Active Learning

Published

October 15, 2022

Maximum performance

Claire and Phil aren’t on the same page with their plan.

They want to train a machine learning model but want to minimize the number of samples they need to label. Labeling takes too long, and they want to avoid it as much as possible.

Claire argues that they don’t need to train with the entire dataset. Instead, she believes they can maximize the model’s performance without using all the data.

Phil disagrees. He argues that the only way to achieve the maximum possible performance is to train with the entire dataset. Since they aren’t willing to label all the data, they will need to settle for a mediocre model.

What’s your opinion about this situation?

  • Achieving the maximum possible performance without using the entire dataset is theoretically possible but very unlikely.

  • They can achieve the maximum possible performance without using the entire dataset by randomly sampling a portion of the data, labeling it, and training the model.

  • They can achieve the maximum possible performance without using the entire dataset, but they need a good strategy to sample the data they will label to train the model.

  • They will never achieve the maximum possible performance without using the entire dataset.

Answer

With active learning, we can build a model that will achieve better performance with fewer labeled samples by allowing the algorithm to choose the data that will provide the most information to its training process.

Claire and Phil do not need to use the entire dataset to build a model that reaches its maximum possible performance. However, they will need a smart strategy to select the data they need to label.

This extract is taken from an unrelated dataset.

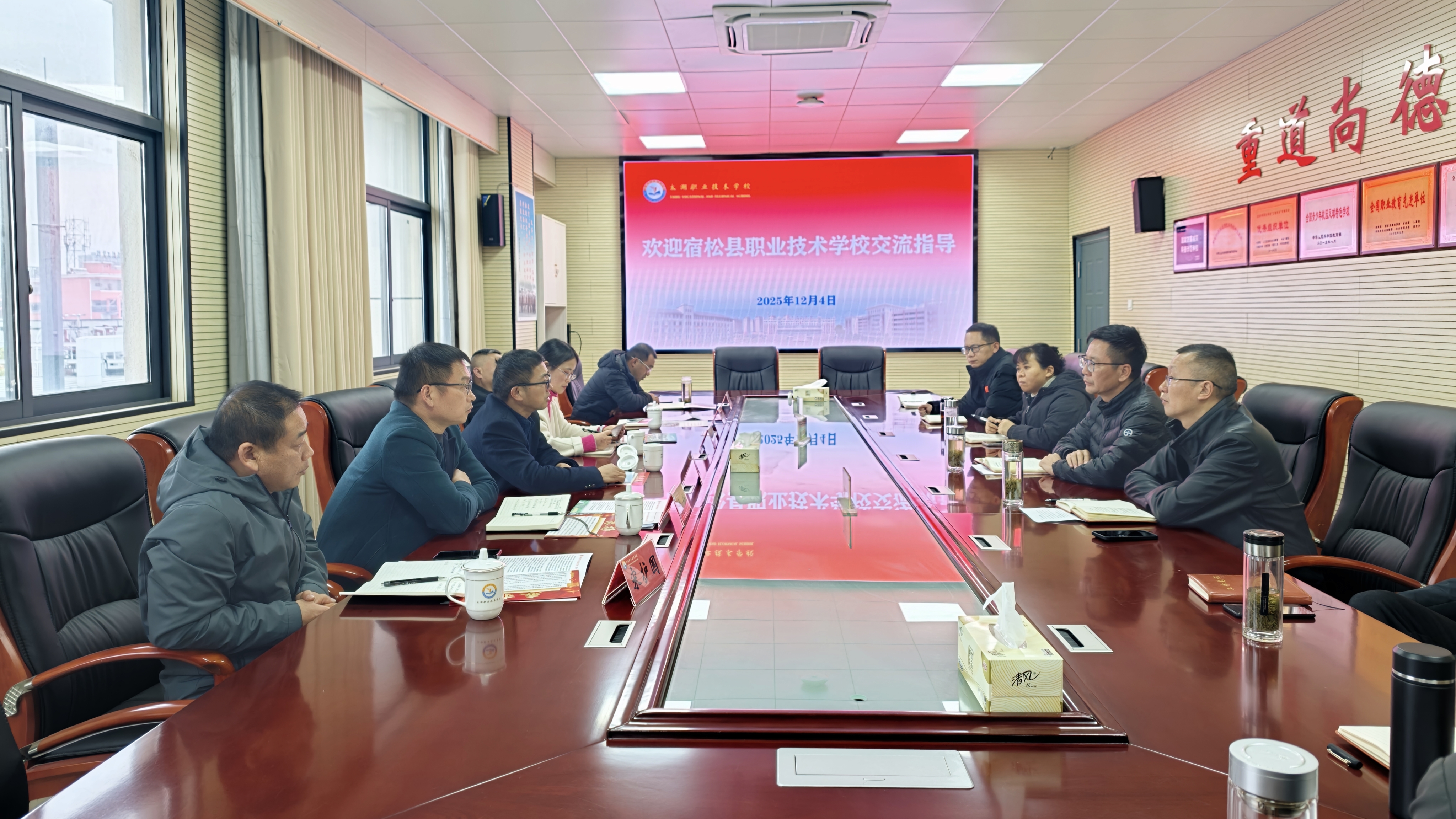 12月4日,宿松縣職業(yè)技術(shù)學(xué)校黨支部書記、校長鄧勝榮率領(lǐng)調(diào)研團隊一行6人來訪我校,圍繞專業(yè)建設(shè)、辦學(xué)層次提升、教學(xué)管理、校企合作等核心議題開展專題調(diào)研交流。我校班子成員及相關(guān)職能部門負責(zé)人參與接待,雙方通過座談研討與實地參觀,展開深入交流,凝聚發(fā)展共識。

Let’s imagine a dataset with two classes that we can represent in two dimensions and a linear model that splits the data into two groups. Any samples around the lines’ boundaries that separate both classes are critical in our dataset. Those samples help the model decide how to split the data!

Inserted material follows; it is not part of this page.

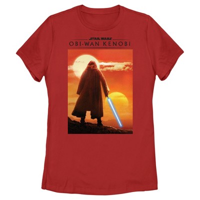 Join Jedi Master Obi-Wan Kenobi as he deals with his apprentice, Anakin Skywalker, turning to the dark side and becoming the infamous evil Sith Lord Darth Vader, in the exciting new action-packed limited series from Disney Obi-Wan Kenobi! This men's tee features a cool, colorful graphic of Obi-Wan Kenobi with a red sun and orange sun in the background. It's time to feel the Force with this galactic Star Wars graphic t-shirt!

But what about samples far away from the split? They contribute much less to the model, and we don’t need them to find the separation between classes. The same happens with duplicate samples or samples that are too similar to existing ones.

Claire and Phil, however, can’t depend on randomly sampling the dataset to decide which instances to label. They need a better strategy to determine which samples to pick.

This scenario is an example of Active learning. This learning technique allows us to build a better-performing machine learning model using fewer training labels by strategically choosing the samples to train the model.